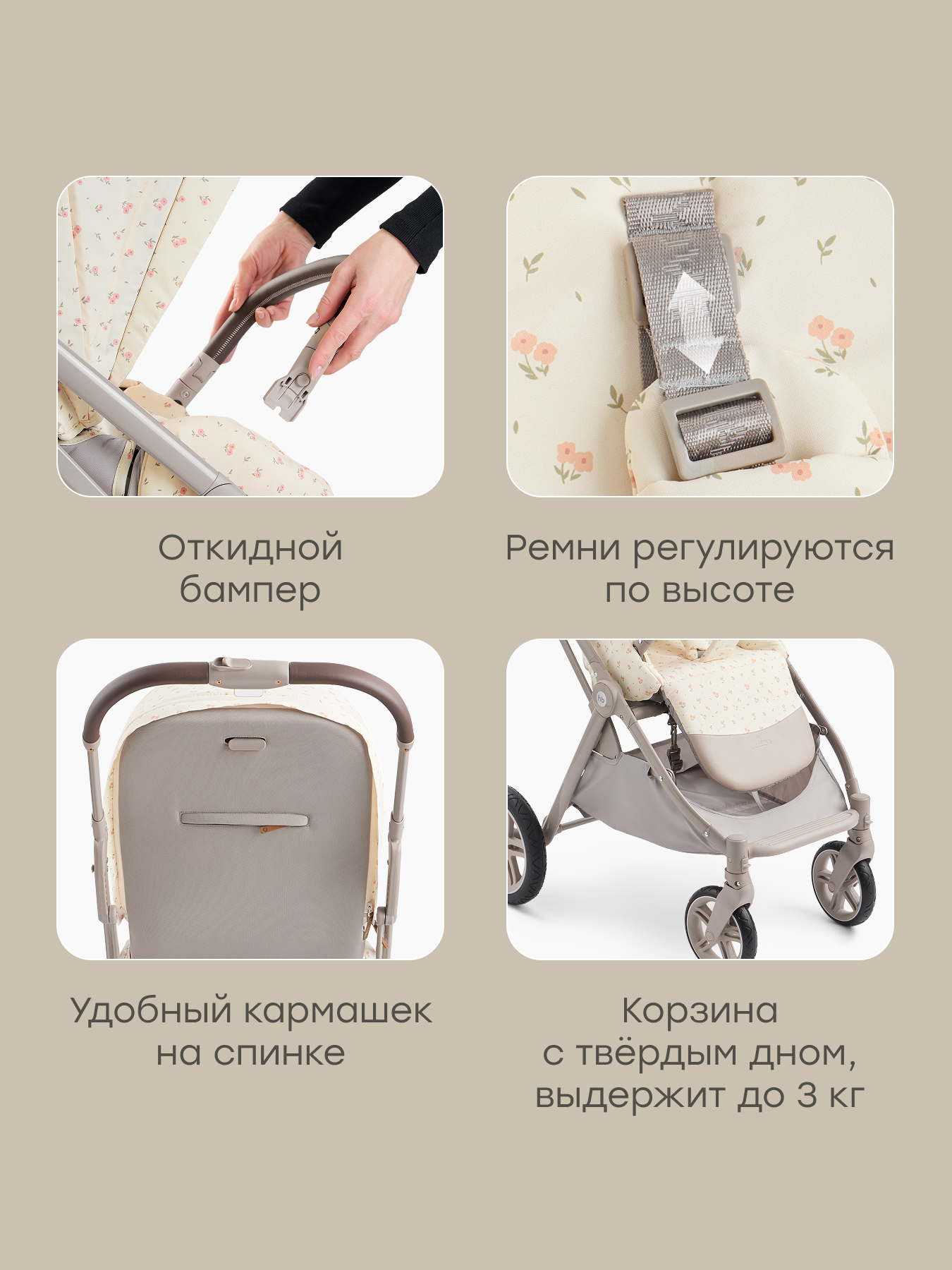 • Откидной съемный бампер — дает возможность легко вытащить ребенка из коляски
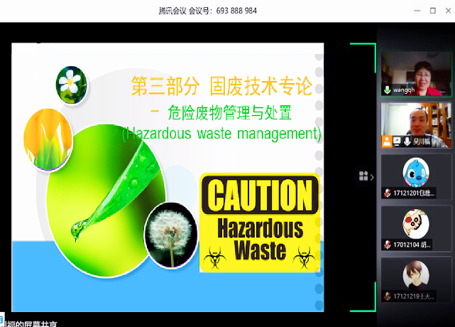 美國哥倫比亞大學高級研究員暨北京科技大學天津學院環境工程研究院院長魏振強博士因疫情原因沒法回國授課,但他堅持在美國為學生們講授核心專業課《水污染控制工程》,由于時差關系,魏老師經常要在美國時間凌晨1:30到3:05授課,堅持保質保量上好每節課。魏老師創新理念超前,將傳統的污染治理手段與大數據、人工智能、信息技術相結合,主動與信息系、無人機系老師合作,共同指導環境系學生申報了“智能垃圾箱”、“基于四旋翼無人機環境監測系統設計與研究”大學生創新創業項目,并分別獲批市級和國家級項目,為培養跨自動化、信息化及環保綜合性、復合型人才探索新的途徑。吳川福副教授也大量收集講課素材,認真備課,通過列舉眾多的危險廢物非法處置案例,激發了學生們將來作為“綠色衛士”的責任感和使命感。
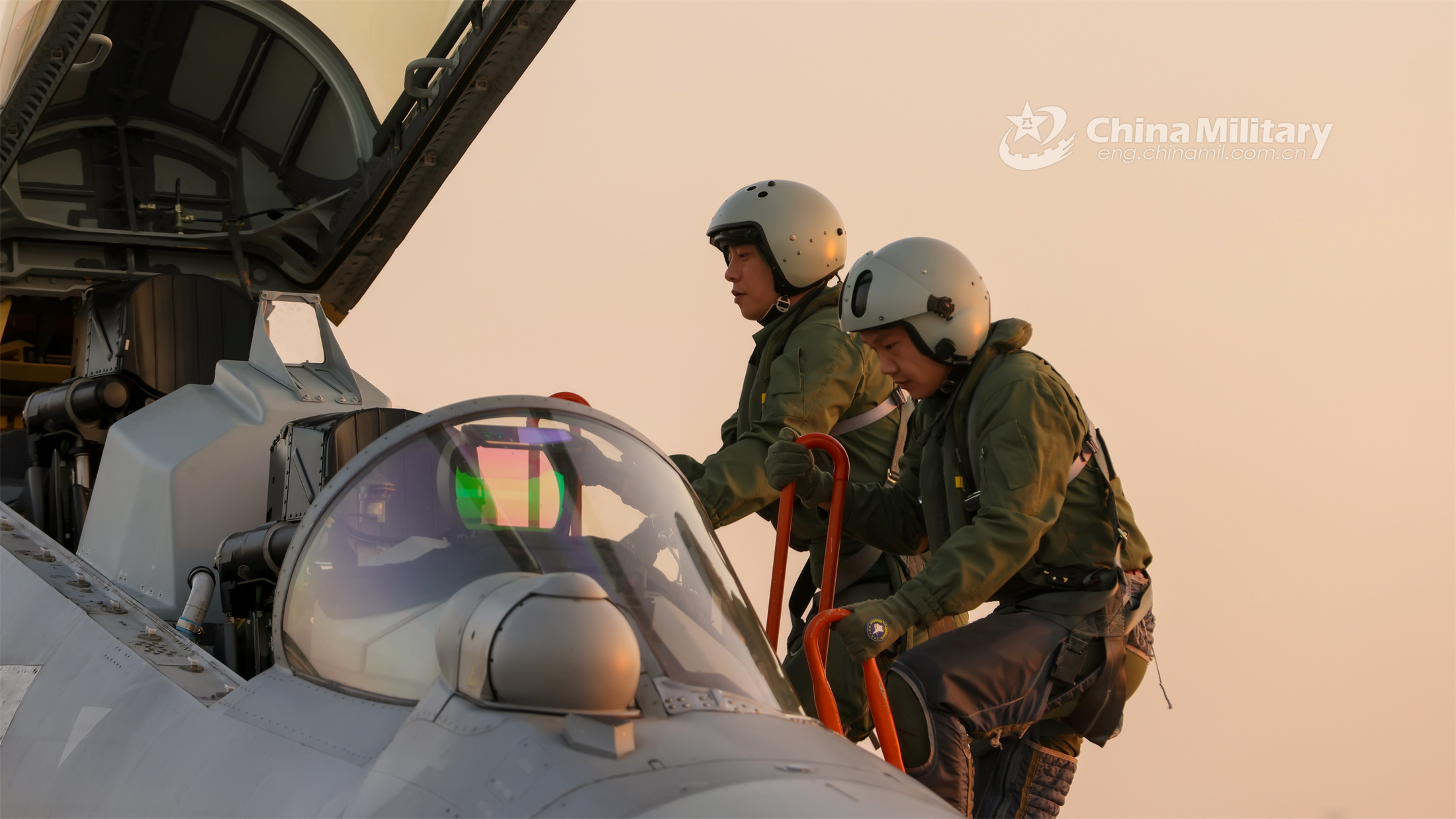 Pilots assigned to an aviation brigade of the air force under the PLA Southern Theatre Command board a fighter jet prior to a round-the-clock flight training exercise in late June, 2023. (eng.chinamil.com.cn/Photo by Hao Hunan)
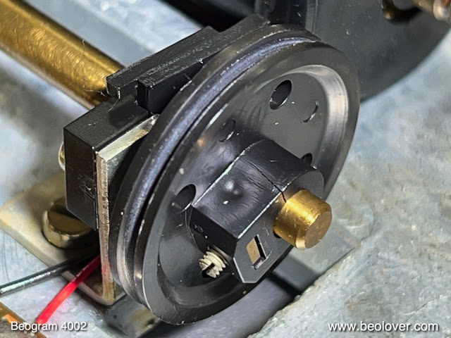 In practically all Beograms that I have encountered so far there is a hairline crack in the shaft collar that makes it impossible to fix the pulley to the shaft properly. I replaced it with a nice precision machined aluminum replica:
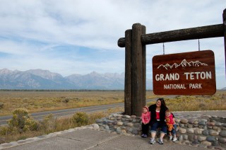 Mommy and the girls about to enter Grand Teton National Park
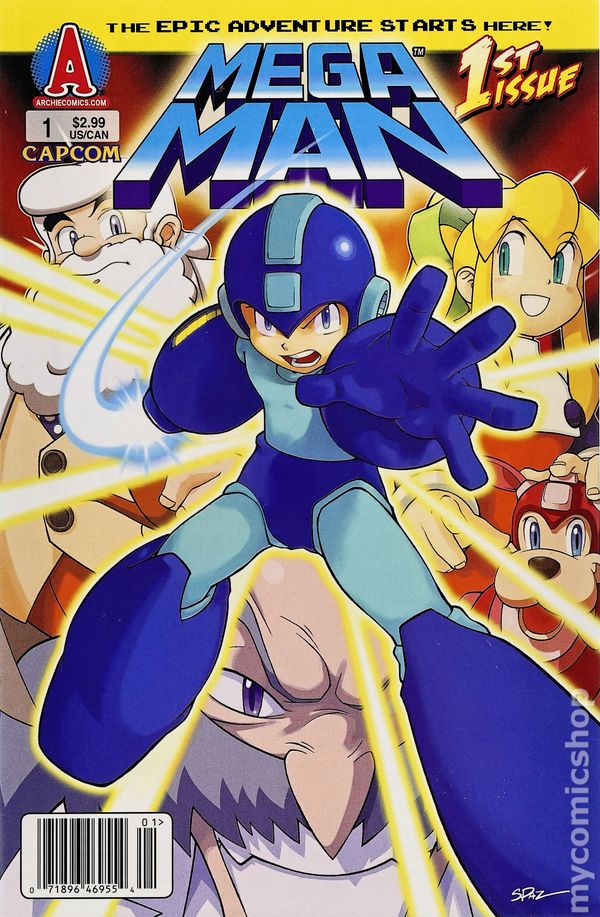 Newsstand Edition. Cover by Patrick 'Spaz' Spaziante. Let the Games Begin!: Part 1 of 4 - (W) Ian Flynn (A) Patrick 'Spaz' Spaziante 'Let the Games Begin!' Part One. The future looks bright when brilliant and benevolent Dr. Light unveils his latest creations: the Robot Masters! But when the nefarious Dr. Wily steals them for his own sinister purposes, there is no one left to stop him. No one - except Mega Man! Don't miss the first issue of this brand new ongoing series based on Capcom's long-running and best-selling video game sensation! Cover price $2.99.
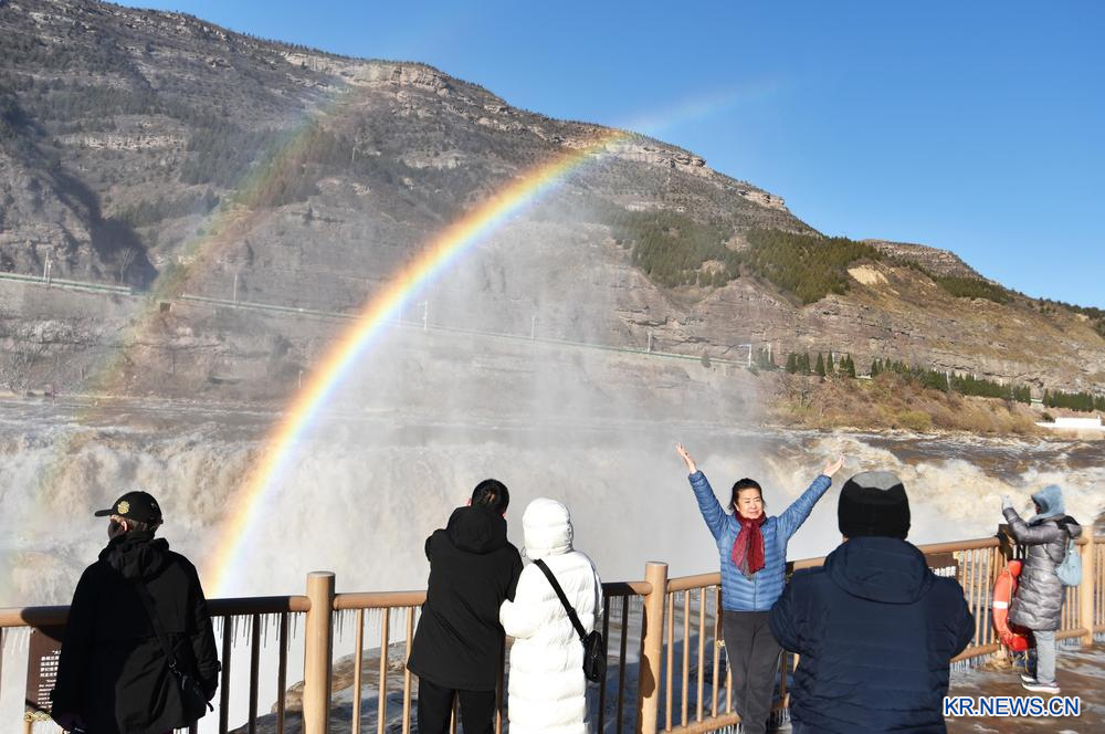 상류 저수지의 방류 작업으로 산시성 지현과 산시(陝西)성 이촨(宜川)현의 경계에 있는 황허 후커우 폭포에 수량이 증가했다. 물안개와 햇빛이 만나 생겨난 '쌍무지개'가 많은 관광객을 매료시켰다. 2025.12.3

■ ■ ■ ■

What the task requires: Please, without any pictures, print each entry exactly.

Answer section:
 • Откидной съемный бампер — дает возможность легко вытащить ребенка из коляски
 美國哥倫比亞大學高級研究員暨北京科技大學天津學院環境工程研究院院長魏振強博士因疫情原因沒法回國授課,但他堅持在美國為學生們講授核心專業課《水污染控制工程》,由于時差關系,魏老師經常要在美國時間凌晨1:30到3:05授課,堅持保質保量上好每節課。魏老師創新理念超前,將傳統的污染治理手段與大數據、人工智能、信息技術相結合,主動與信息系、無人機系老師合作,共同指導環境系學生申報了“智能垃圾箱”、“基于四旋翼無人機環境監測系統設計與研究”大學生創新創業項目,并分別獲批市級和國家級項目,為培養跨自動化、信息化及環保綜合性、復合型人才探索新的途徑。吳川福副教授也大量收集講課素材,認真備課,通過列舉眾多的危險廢物非法處置案例,激發了學生們將來作為“綠色衛士”的責任感和使命感。
 Pilots assigned to an aviation brigade of the air force under the PLA Southern Theatre Command board a fighter jet prior to a round-the-clock flight training exercise in late June, 2023. (eng.chinamil.com.cn/Photo by Hao Hunan)
 In practically all Beograms that I have encountered so far there is a hairline crack in the shaft collar that makes it impossible to fix the pulley to the shaft properly. I replaced it with a nice precision machined aluminum replica:
 Mommy and the girls about to enter Grand Teton National Park
 Newsstand Edition. Cover by Patrick 'Spaz' Spaziante. Let the Games Begin!: Part 1 of 4 - (W) Ian Flynn (A) Patrick 'Spaz' Spaziante 'Let the Games Begin!' Part One. The future looks bright when brilliant and benevolent Dr. Light unveils his latest creations: the Robot Masters! But when the nefarious Dr. Wily steals them for his own sinister purposes, there is no one left to stop him. No one - except Mega Man! Don't miss the first issue of this brand new ongoing series based on Capcom's long-running and best-selling video game sensation! Cover price $2.99.
 상류 저수지의 방류 작업으로 산시성 지현과 산시(陝西)성 이촨(宜川)현의 경계에 있는 황허 후커우 폭포에 수량이 증가했다. 물안개와 햇빛이 만나 생겨난 '쌍무지개'가 많은 관광객을 매료시켰다. 2025.12.3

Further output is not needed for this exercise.